Data shown —
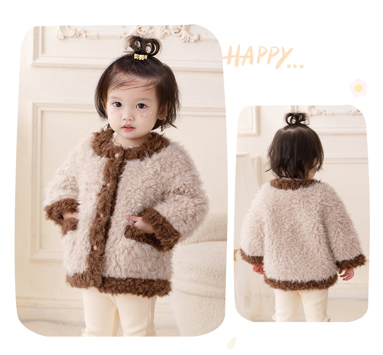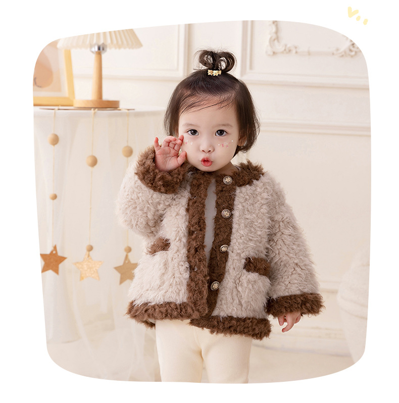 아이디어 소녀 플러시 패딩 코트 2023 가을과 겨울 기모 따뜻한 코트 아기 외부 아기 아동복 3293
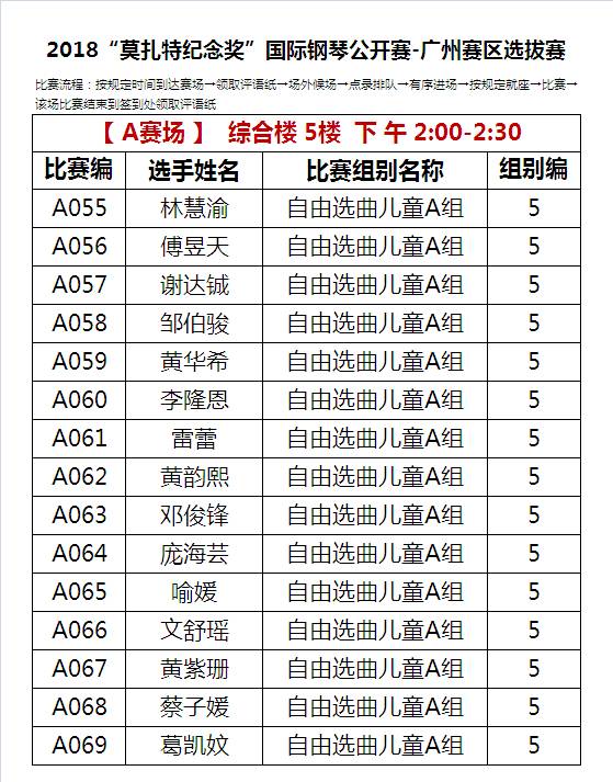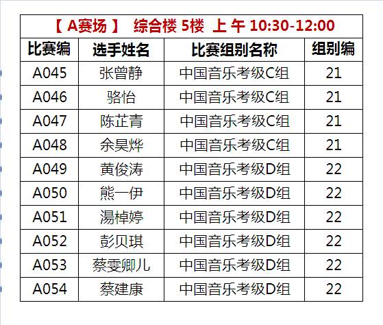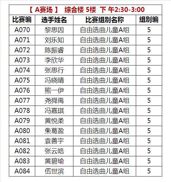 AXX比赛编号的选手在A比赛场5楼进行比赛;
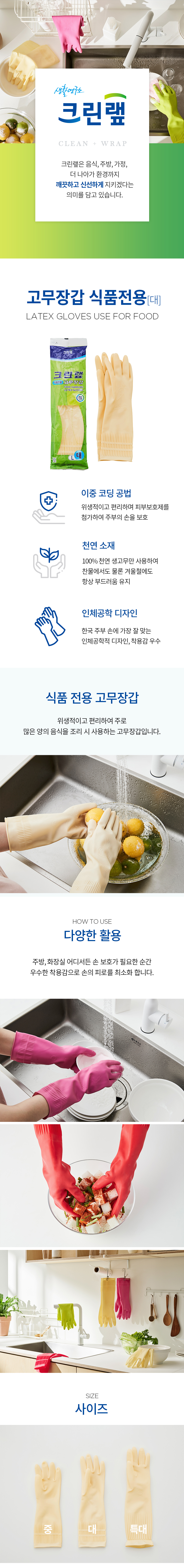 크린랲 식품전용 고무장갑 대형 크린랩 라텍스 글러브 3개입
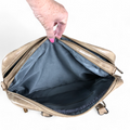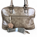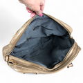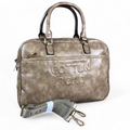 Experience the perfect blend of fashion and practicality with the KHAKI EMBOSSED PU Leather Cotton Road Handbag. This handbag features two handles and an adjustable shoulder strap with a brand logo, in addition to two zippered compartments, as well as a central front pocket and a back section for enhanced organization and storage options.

Prompt —
Every line above should be reproduced exactly, please, with no pictures included.

Written answer —
 아이디어 소녀 플러시 패딩 코트 2023 가을과 겨울 기모 따뜻한 코트 아기 외부 아기 아동복 3293
 AXX比赛编号的选手在A比赛场5楼进行比赛;
 크린랲 식품전용 고무장갑 대형 크린랩 라텍스 글러브 3개입
 Experience the perfect blend of fashion and practicality with the KHAKI EMBOSSED PU Leather Cotton Road Handbag. This handbag features two handles and an adjustable shoulder strap with a brand logo, in addition to two zippered compartments, as well as a central front pocket and a back section for enhanced organization and storage options.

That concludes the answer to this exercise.